Start of Data shown

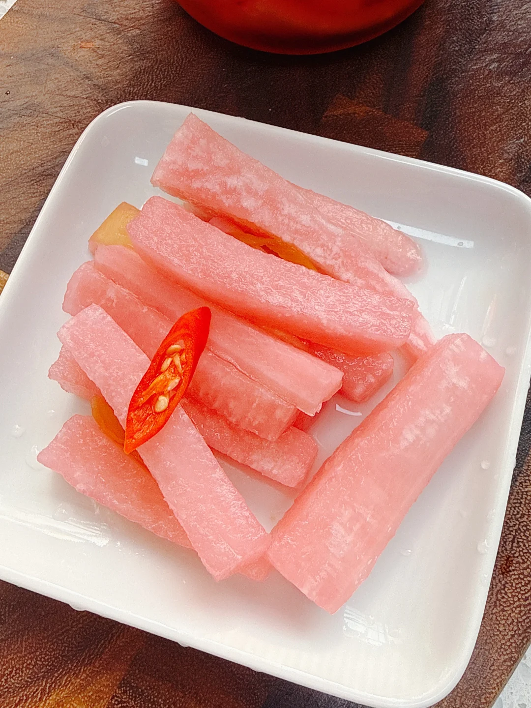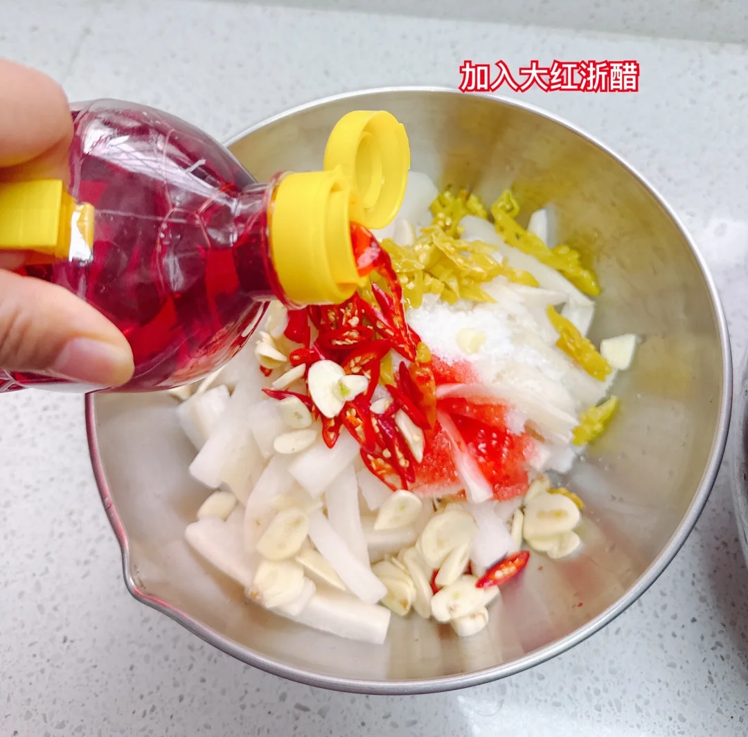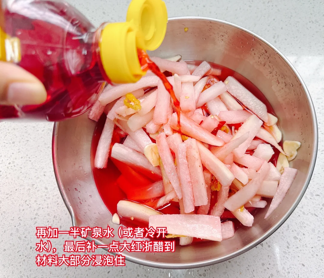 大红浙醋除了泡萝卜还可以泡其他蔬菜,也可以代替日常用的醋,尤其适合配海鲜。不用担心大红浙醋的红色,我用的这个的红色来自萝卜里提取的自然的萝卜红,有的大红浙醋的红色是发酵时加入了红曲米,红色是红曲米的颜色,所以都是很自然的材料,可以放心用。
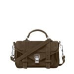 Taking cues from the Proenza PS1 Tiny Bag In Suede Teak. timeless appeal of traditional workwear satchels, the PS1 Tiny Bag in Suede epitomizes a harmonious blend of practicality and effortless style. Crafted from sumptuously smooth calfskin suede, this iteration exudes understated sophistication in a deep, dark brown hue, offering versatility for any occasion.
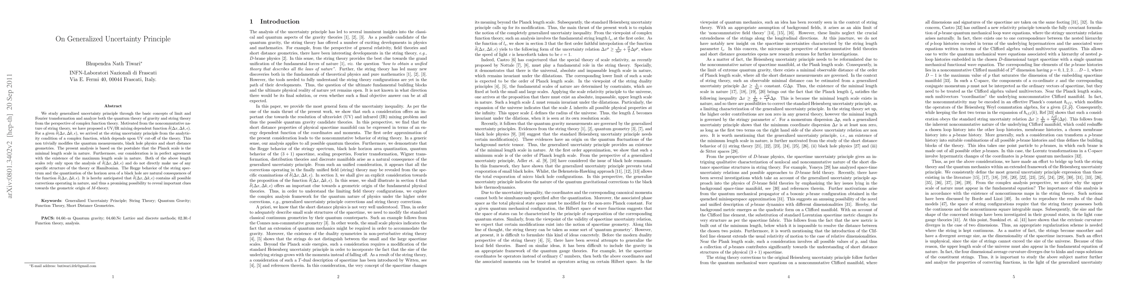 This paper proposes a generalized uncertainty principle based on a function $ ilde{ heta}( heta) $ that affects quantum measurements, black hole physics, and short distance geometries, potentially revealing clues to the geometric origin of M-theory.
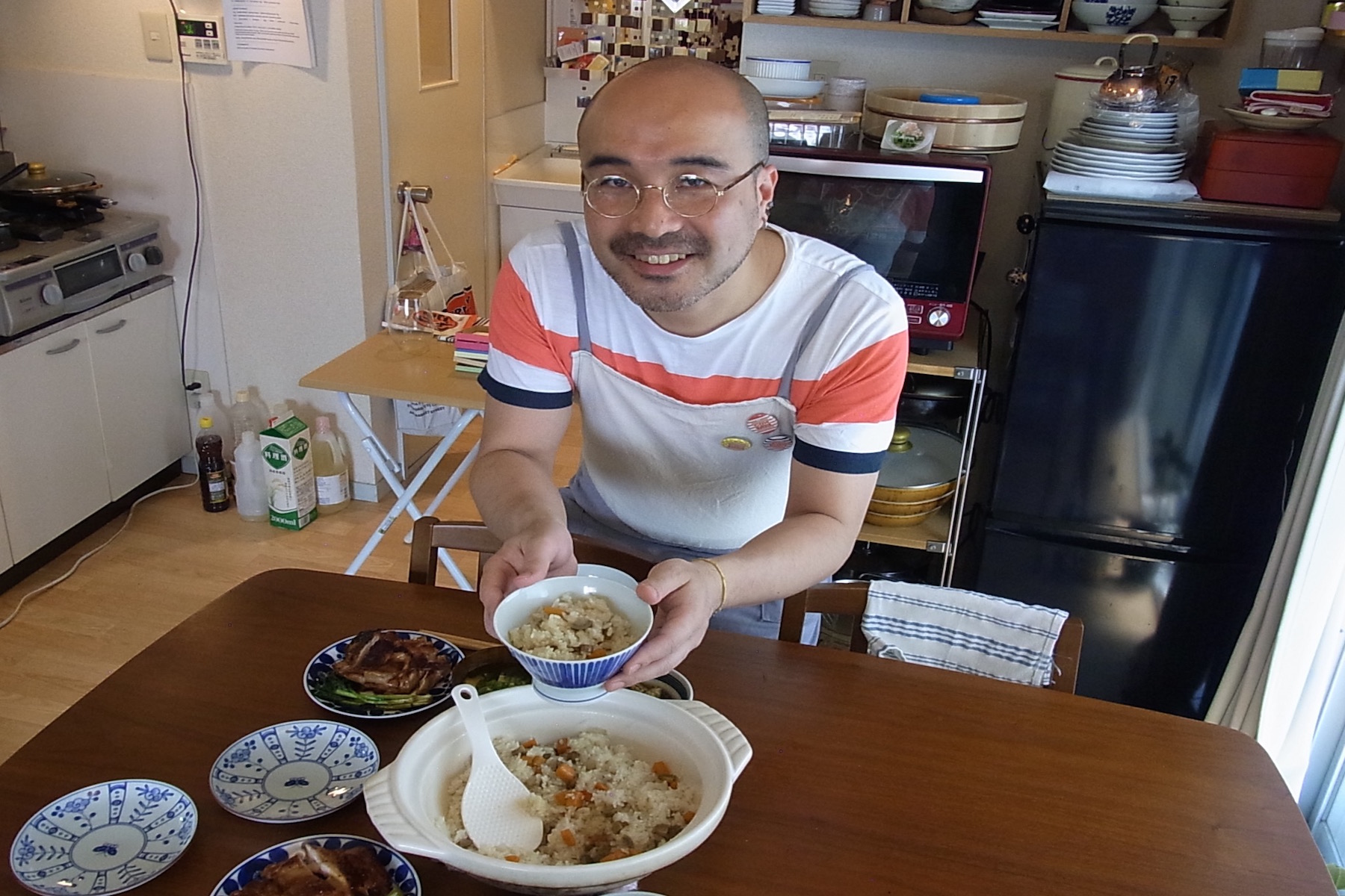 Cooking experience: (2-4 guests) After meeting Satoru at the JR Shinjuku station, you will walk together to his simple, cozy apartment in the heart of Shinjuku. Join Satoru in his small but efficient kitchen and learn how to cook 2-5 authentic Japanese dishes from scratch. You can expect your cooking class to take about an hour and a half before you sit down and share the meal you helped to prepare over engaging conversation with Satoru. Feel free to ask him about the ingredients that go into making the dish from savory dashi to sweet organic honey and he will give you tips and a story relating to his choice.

End of Data shown

Please retype the data exactly. The pictures do not go in.

 大红浙醋除了泡萝卜还可以泡其他蔬菜,也可以代替日常用的醋,尤其适合配海鲜。不用担心大红浙醋的红色,我用的这个的红色来自萝卜里提取的自然的萝卜红,有的大红浙醋的红色是发酵时加入了红曲米,红色是红曲米的颜色,所以都是很自然的材料,可以放心用。
 Taking cues from the Proenza PS1 Tiny Bag In Suede Teak. timeless appeal of traditional workwear satchels, the PS1 Tiny Bag in Suede epitomizes a harmonious blend of practicality and effortless style. Crafted from sumptuously smooth calfskin suede, this iteration exudes understated sophistication in a deep, dark brown hue, offering versatility for any occasion.
 This paper proposes a generalized uncertainty principle based on a function $ ilde{ heta}( heta) $ that affects quantum measurements, black hole physics, and short distance geometries, potentially revealing clues to the geometric origin of M-theory.
 Cooking experience: (2-4 guests) After meeting Satoru at the JR Shinjuku station, you will walk together to his simple, cozy apartment in the heart of Shinjuku. Join Satoru in his small but efficient kitchen and learn how to cook 2-5 authentic Japanese dishes from scratch. You can expect your cooking class to take about an hour and a half before you sit down and share the meal you helped to prepare over engaging conversation with Satoru. Feel free to ask him about the ingredients that go into making the dish from savory dashi to sweet organic honey and he will give you tips and a story relating to his choice.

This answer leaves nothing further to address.